EXERCISE BRIEF:
Only the lines from the one containing "Grundlage ist der" through the one containing "Nach der Begrüßung" should be printed, exactly as they appear below, with both ends included.

DATASET RECORDS:
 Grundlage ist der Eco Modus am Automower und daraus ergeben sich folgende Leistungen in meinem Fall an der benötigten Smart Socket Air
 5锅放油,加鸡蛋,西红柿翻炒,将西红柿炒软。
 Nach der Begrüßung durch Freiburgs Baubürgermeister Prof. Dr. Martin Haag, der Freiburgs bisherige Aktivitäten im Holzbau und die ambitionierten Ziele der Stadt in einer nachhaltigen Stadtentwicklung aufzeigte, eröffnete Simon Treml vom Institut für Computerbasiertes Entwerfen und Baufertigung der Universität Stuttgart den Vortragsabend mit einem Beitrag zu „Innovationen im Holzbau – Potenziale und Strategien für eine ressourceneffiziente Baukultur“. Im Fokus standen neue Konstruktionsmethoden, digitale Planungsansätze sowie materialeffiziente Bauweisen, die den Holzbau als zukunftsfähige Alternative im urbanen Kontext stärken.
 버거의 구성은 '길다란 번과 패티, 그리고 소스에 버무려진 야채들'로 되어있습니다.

==

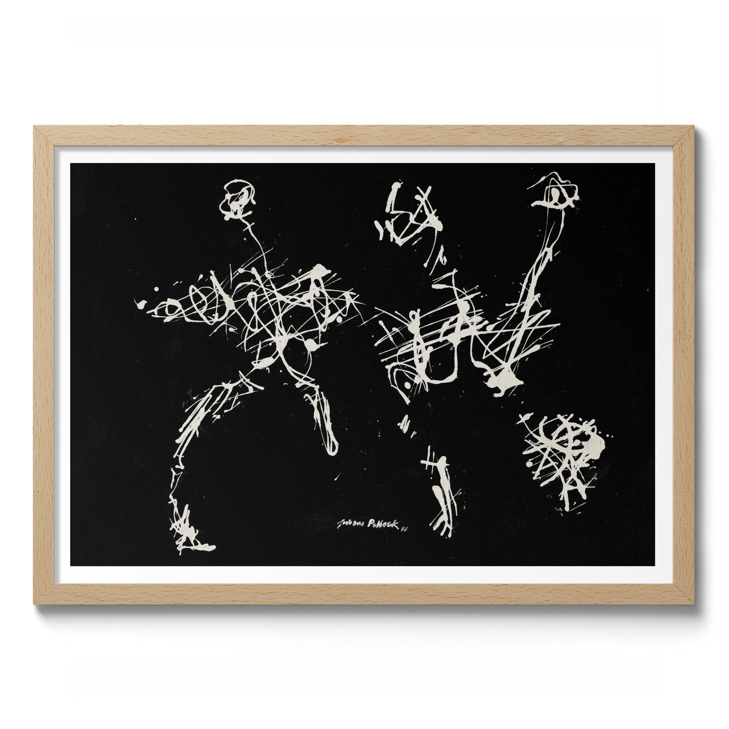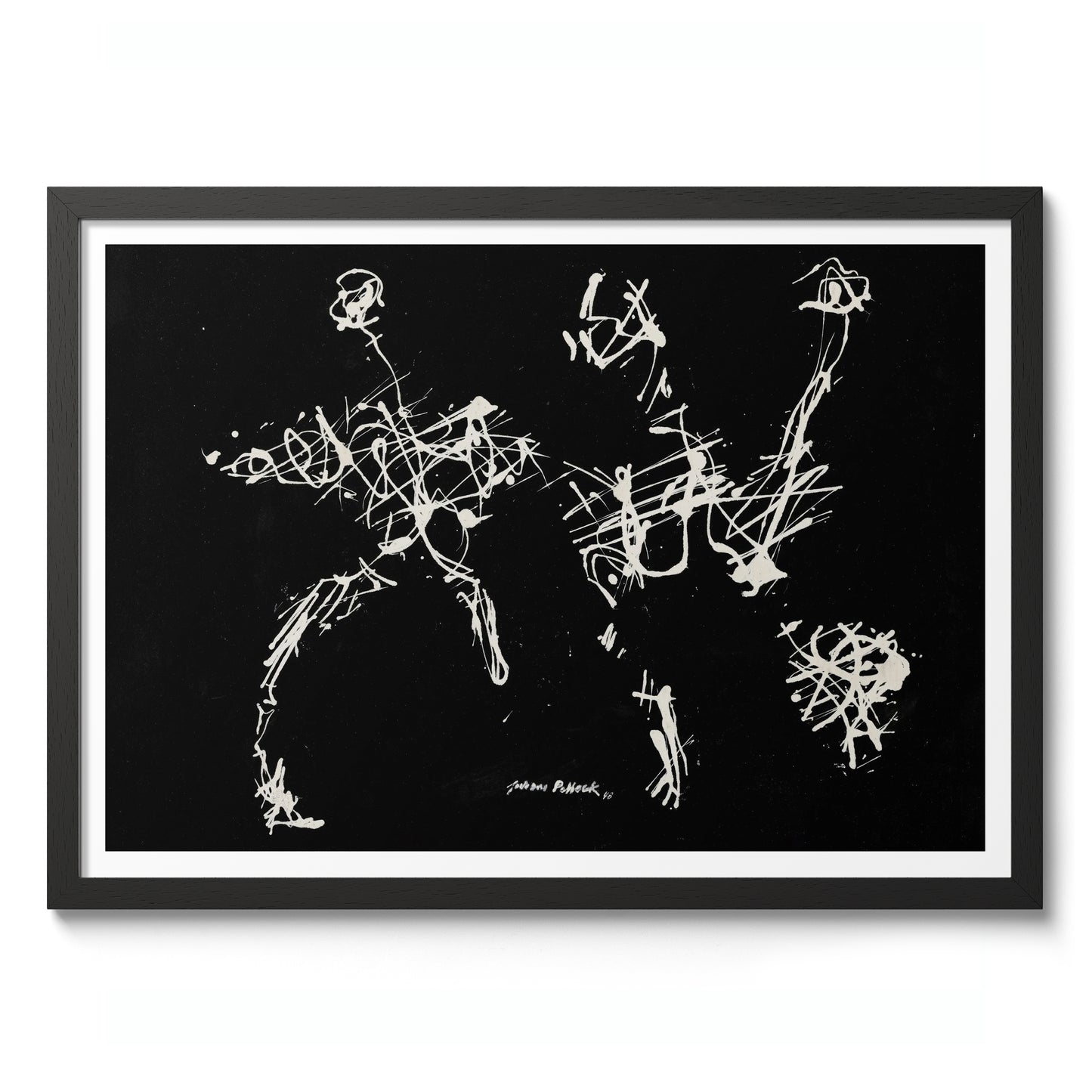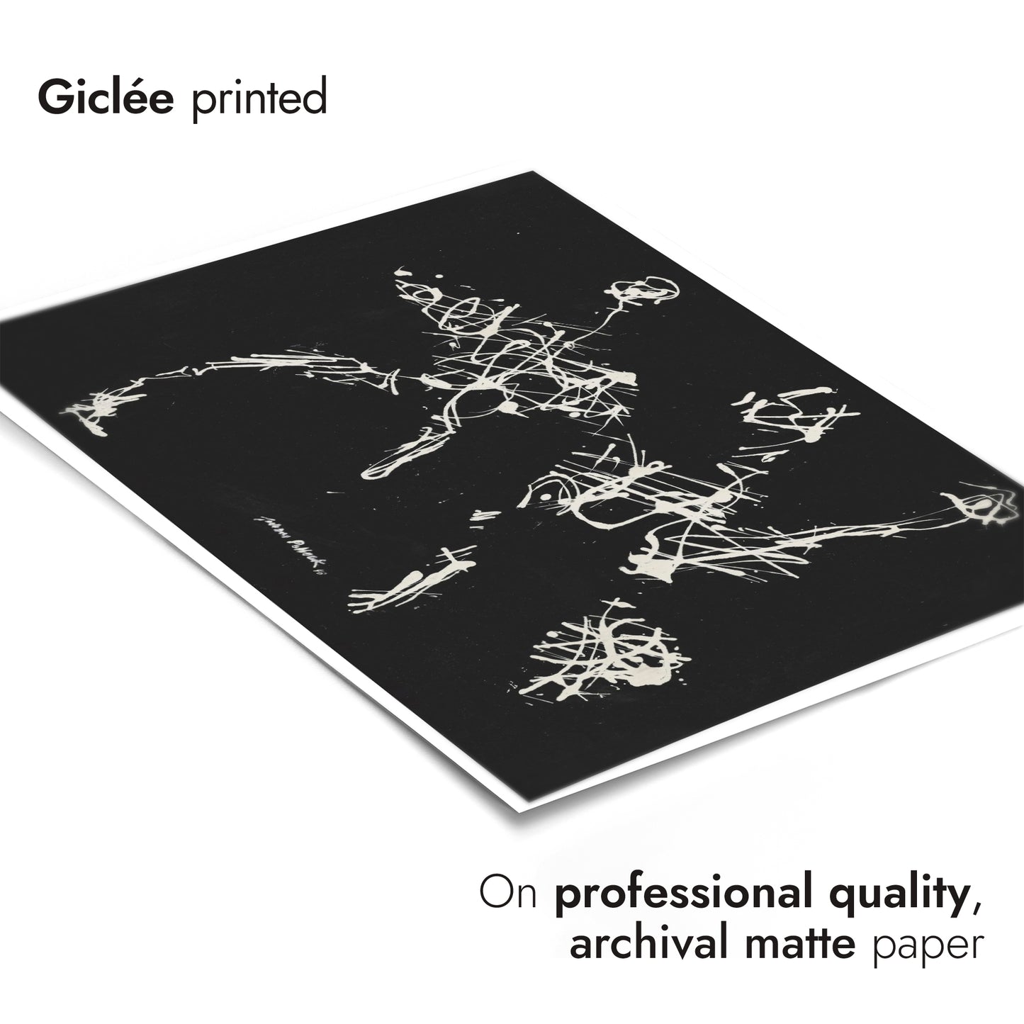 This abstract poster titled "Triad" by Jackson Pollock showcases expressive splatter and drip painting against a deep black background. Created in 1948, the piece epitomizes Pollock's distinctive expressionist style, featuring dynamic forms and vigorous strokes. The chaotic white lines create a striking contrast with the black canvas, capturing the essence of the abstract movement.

PROBLEM SOLUTION:
 Grundlage ist der Eco Modus am Automower und daraus ergeben sich folgende Leistungen in meinem Fall an der benötigten Smart Socket Air
 5锅放油,加鸡蛋,西红柿翻炒,将西红柿炒软。
 Nach der Begrüßung durch Freiburgs Baubürgermeister Prof. Dr. Martin Haag, der Freiburgs bisherige Aktivitäten im Holzbau und die ambitionierten Ziele der Stadt in einer nachhaltigen Stadtentwicklung aufzeigte, eröffnete Simon Treml vom Institut für Computerbasiertes Entwerfen und Baufertigung der Universität Stuttgart den Vortragsabend mit einem Beitrag zu „Innovationen im Holzbau – Potenziale und Strategien für eine ressourceneffiziente Baukultur“. Im Fokus standen neue Konstruktionsmethoden, digitale Planungsansätze sowie materialeffiziente Bauweisen, die den Holzbau als zukunftsfähige Alternative im urbanen Kontext stärken.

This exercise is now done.